If you don’t have an ice cream maker, you could use a stick blender and whisk the base to your desired consistency.
Transfer the churned ice cream into the freezer for at least four hours, preferably longer. Remember to use an air-tight container with the seal tightly on.
Here are some great tips to help make the perfect ice cream at home.
If you’re just starting with making your own ice cream, the use of high-fat content helps create a creamy texture. Once you’ve gotten better at making ice creams, you could experiment with lower-fat dairy products.
Any flavorings like extracts or alcohol must be added to the ice cream base after it has cooled (especially with cooked custard). You could also wait until you add the ice cream base into the ice cream machine and then stir the flavorings.
If you’re making a custard base with milk, eggs, and sugar, chill this mix in the refrigerator to get it really cold (leave it overnight if you can) before putting it in the ice cream maker. This increases the aeration process in the maker, providing the ultimate creamy texture.
If your ice cream machine has a freezer bowl, ensure you freeze it for at least 24 hours before you churn your ice cream; else, the chances are your ice cream may not freeze.
Whatever ingredients you want to add to your ice cream mix, like fresh or dried fruit, nuts, or candy pieces, shouldn’t be added as big chunks. Instead, the mix-ins must be about the size of chocolate chips to avoid breaking up the mixture when scooping.
They should also be chilled thoroughly and added to the ice cream when it’s almost completely frozen in the ice cream maker.
For soft ice cream, use sugar, corn syrup or honey, gelatin, and commercial stabilizers. Use a shallow container instead of a deep tub, and use plastic wrap over the surface of the ice cream mixture to avoid forming ice crystals.
Also, avoid storing ice cream in the freezer door; keep it at the back of the freezer for consistent cooling. It also helps prevent freezer burn.
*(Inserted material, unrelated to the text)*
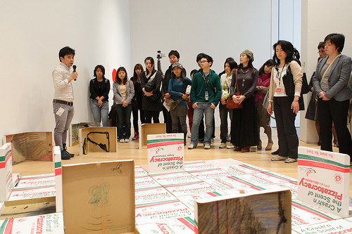 沖縄出身でニューヨーク在住の照屋さんは、2004年に沖縄で起きた米軍ヘリ墜落事件を受け、《来るべき世界に》というピザボックスの作品を制作しました。なぜピザの箱なのか――、「六本木クロッシング2010展」の会場で作品を前にお話しいただきました。

Here are some great ice cream toppings that you could add to your homemade ice cream:
- Whipping cream
- Cookie dough
- Chocolate syrup
- Hot fudge
- Peanut butter cups
The cherry on top!
If you’re a beginner longing to whip up some frozen treats with your favorite ice cream maker, I suggest you get started with some Philadelphia-style ice cream first. This is the easiest to get right. And then you could try your hand at more ice cream of different types and flavors.